Cependant, courir la nuit dans une pharmacie ou un dépanneur pour obtenir des médicaments est un « divertissement » abordable, que les habitants d’autres régions ont vraiment oublié.

L’OVA affirme que les boîtes de nuit de la région ne fonctionnent pas actuellement.

« Le divertissement et l’amusement sont désormais sur la conscience de chacun, déclare le responsable de Transcarpatia OVA, – La Transcarpatie n’a jamais été célèbre en termes de vie, nous allons donc développer cette direction pour le tourisme, mais seulement après la guerre. »

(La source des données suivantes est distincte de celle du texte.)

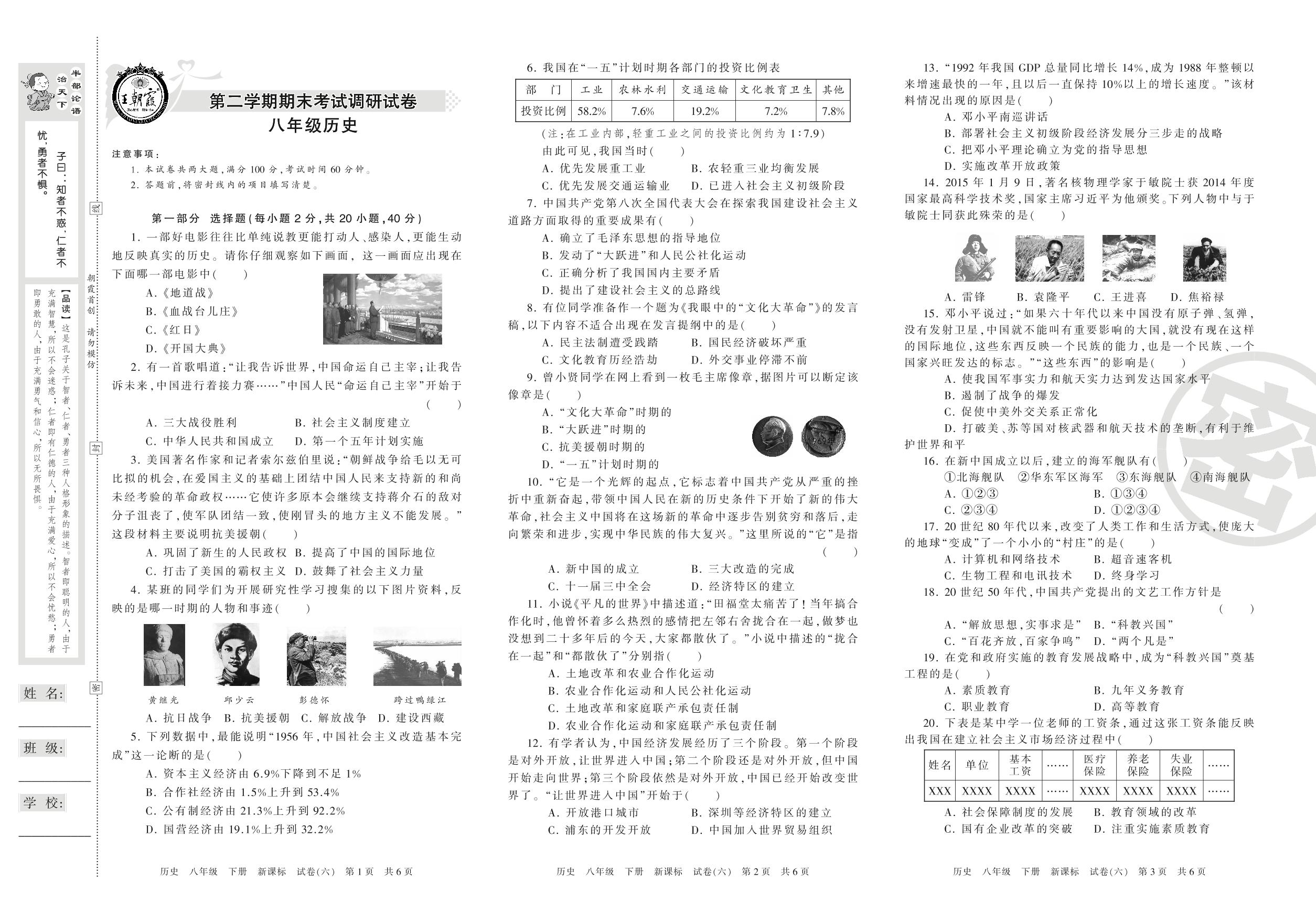 王朝霞期末调研卷八年级下册历史(新课版)【6】
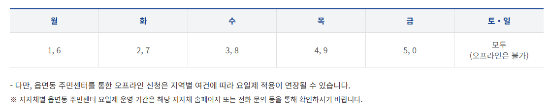 온라인 • 오프라인 신청 모두 시행 첫 주(7.21-7.25)에는 원활한 신청을 위해 '요일제'를 적용합니다.

Dans la nuit du 24 février, lorsque des sirènes ont alerté le reste du pays du début de l’invasion, l’alarme aérienne n’a pas été activée en Transcarpatie. Aucune explosion n’a été entendue non plus. Quelqu’un a appris la guerre aux informations en buvant un café le matin, les proches de quelqu’un ont appelé.

Nikita se rend compte de l’effet d’un « bain chaud » pour la population, alors qu’il semble que la sécurité ne s’effondrera à aucun moment. Ce même effet est renforcé par l’absence de couvre-feu. Cependant, pour le moment, il semble qu’il n’y ait aucune raison pour son introduction en Transcarpatie.